MATERIAL FOR THIS EXERCISE below:
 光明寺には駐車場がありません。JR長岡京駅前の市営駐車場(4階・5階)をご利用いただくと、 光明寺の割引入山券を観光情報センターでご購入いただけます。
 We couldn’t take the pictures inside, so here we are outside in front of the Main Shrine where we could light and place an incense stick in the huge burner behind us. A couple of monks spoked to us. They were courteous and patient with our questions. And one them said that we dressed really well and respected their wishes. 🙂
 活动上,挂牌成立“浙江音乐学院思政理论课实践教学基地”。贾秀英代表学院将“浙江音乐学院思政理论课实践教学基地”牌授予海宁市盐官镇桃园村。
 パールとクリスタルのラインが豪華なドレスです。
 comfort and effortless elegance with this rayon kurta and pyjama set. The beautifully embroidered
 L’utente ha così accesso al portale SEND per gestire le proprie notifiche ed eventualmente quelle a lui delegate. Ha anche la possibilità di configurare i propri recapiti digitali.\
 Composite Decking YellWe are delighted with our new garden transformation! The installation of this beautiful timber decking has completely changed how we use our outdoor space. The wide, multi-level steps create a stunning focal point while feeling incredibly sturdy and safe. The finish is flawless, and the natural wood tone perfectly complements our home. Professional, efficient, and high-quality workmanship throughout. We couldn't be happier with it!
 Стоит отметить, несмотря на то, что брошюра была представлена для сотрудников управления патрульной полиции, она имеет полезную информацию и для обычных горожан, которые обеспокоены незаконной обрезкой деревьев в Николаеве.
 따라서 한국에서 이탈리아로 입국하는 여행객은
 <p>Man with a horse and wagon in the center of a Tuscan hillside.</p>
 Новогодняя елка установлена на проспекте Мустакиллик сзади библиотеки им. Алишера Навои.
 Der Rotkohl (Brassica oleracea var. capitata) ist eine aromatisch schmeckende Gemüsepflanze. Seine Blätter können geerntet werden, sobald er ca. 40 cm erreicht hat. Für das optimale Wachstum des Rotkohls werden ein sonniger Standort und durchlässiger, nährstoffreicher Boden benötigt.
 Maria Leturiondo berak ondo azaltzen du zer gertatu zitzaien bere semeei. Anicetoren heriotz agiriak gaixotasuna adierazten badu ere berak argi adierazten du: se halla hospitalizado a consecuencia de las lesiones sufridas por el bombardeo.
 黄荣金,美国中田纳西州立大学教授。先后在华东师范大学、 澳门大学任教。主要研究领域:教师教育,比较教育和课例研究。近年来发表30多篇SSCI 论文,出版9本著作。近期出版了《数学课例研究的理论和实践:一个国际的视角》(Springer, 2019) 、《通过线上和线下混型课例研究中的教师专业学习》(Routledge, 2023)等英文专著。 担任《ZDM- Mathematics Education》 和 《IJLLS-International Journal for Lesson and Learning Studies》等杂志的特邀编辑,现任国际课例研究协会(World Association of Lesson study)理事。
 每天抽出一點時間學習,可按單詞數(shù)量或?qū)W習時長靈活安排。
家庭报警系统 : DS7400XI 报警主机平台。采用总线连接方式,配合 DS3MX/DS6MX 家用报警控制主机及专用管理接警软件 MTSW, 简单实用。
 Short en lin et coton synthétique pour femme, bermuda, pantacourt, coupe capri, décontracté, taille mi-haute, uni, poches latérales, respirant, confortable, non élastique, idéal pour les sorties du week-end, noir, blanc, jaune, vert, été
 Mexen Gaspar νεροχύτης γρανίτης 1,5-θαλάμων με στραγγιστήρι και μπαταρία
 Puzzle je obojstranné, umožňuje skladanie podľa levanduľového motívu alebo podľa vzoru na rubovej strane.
End of MATERIAL FOR THIS EXERCISE.
## PROBLEM TO SOLVE
Word for word, repeat every entry listed above.

## REPLY TO THE EXERCISE
 光明寺には駐車場がありません。JR長岡京駅前の市営駐車場(4階・5階)をご利用いただくと、 光明寺の割引入山券を観光情報センターでご購入いただけます。
 We couldn’t take the pictures inside, so here we are outside in front of the Main Shrine where we could light and place an incense stick in the huge burner behind us. A couple of monks spoked to us. They were courteous and patient with our questions. And one them said that we dressed really well and respected their wishes. 🙂
 活动上,挂牌成立“浙江音乐学院思政理论课实践教学基地”。贾秀英代表学院将“浙江音乐学院思政理论课实践教学基地”牌授予海宁市盐官镇桃园村。
 パールとクリスタルのラインが豪華なドレスです。
 comfort and effortless elegance with this rayon kurta and pyjama set. The beautifully embroidered
 L’utente ha così accesso al portale SEND per gestire le proprie notifiche ed eventualmente quelle a lui delegate. Ha anche la possibilità di configurare i propri recapiti digitali.\
 Composite Decking YellWe are delighted with our new garden transformation! The installation of this beautiful timber decking has completely changed how we use our outdoor space. The wide, multi-level steps create a stunning focal point while feeling incredibly sturdy and safe. The finish is flawless, and the natural wood tone perfectly complements our home. Professional, efficient, and high-quality workmanship throughout. We couldn't be happier with it!
 Стоит отметить, несмотря на то, что брошюра была представлена для сотрудников управления патрульной полиции, она имеет полезную информацию и для обычных горожан, которые обеспокоены незаконной обрезкой деревьев в Николаеве.
 따라서 한국에서 이탈리아로 입국하는 여행객은
 <p>Man with a horse and wagon in the center of a Tuscan hillside.</p>
 Новогодняя елка установлена на проспекте Мустакиллик сзади библиотеки им. Алишера Навои.
 Der Rotkohl (Brassica oleracea var. capitata) ist eine aromatisch schmeckende Gemüsepflanze. Seine Blätter können geerntet werden, sobald er ca. 40 cm erreicht hat. Für das optimale Wachstum des Rotkohls werden ein sonniger Standort und durchlässiger, nährstoffreicher Boden benötigt.
 Maria Leturiondo berak ondo azaltzen du zer gertatu zitzaien bere semeei. Anicetoren heriotz agiriak gaixotasuna adierazten badu ere berak argi adierazten du: se halla hospitalizado a consecuencia de las lesiones sufridas por el bombardeo.
 黄荣金,美国中田纳西州立大学教授。先后在华东师范大学、 澳门大学任教。主要研究领域:教师教育,比较教育和课例研究。近年来发表30多篇SSCI 论文,出版9本著作。近期出版了《数学课例研究的理论和实践:一个国际的视角》(Springer, 2019) 、《通过线上和线下混型课例研究中的教师专业学习》(Routledge, 2023)等英文专著。 担任《ZDM- Mathematics Education》 和 《IJLLS-International Journal for Lesson and Learning Studies》等杂志的特邀编辑,现任国际课例研究协会(World Association of Lesson study)理事。
 每天抽出一點時間學習,可按單詞數(shù)量或?qū)W習時長靈活安排。
家庭报警系统 : DS7400XI 报警主机平台。采用总线连接方式,配合 DS3MX/DS6MX 家用报警控制主机及专用管理接警软件 MTSW, 简单实用。
 Short en lin et coton synthétique pour femme, bermuda, pantacourt, coupe capri, décontracté, taille mi-haute, uni, poches latérales, respirant, confortable, non élastique, idéal pour les sorties du week-end, noir, blanc, jaune, vert, été
 Mexen Gaspar νεροχύτης γρανίτης 1,5-θαλάμων με στραγγιστήρι και μπαταρία
 Puzzle je obojstranné, umožňuje skladanie podľa levanduľového motívu alebo podľa vzoru na rubovej strane.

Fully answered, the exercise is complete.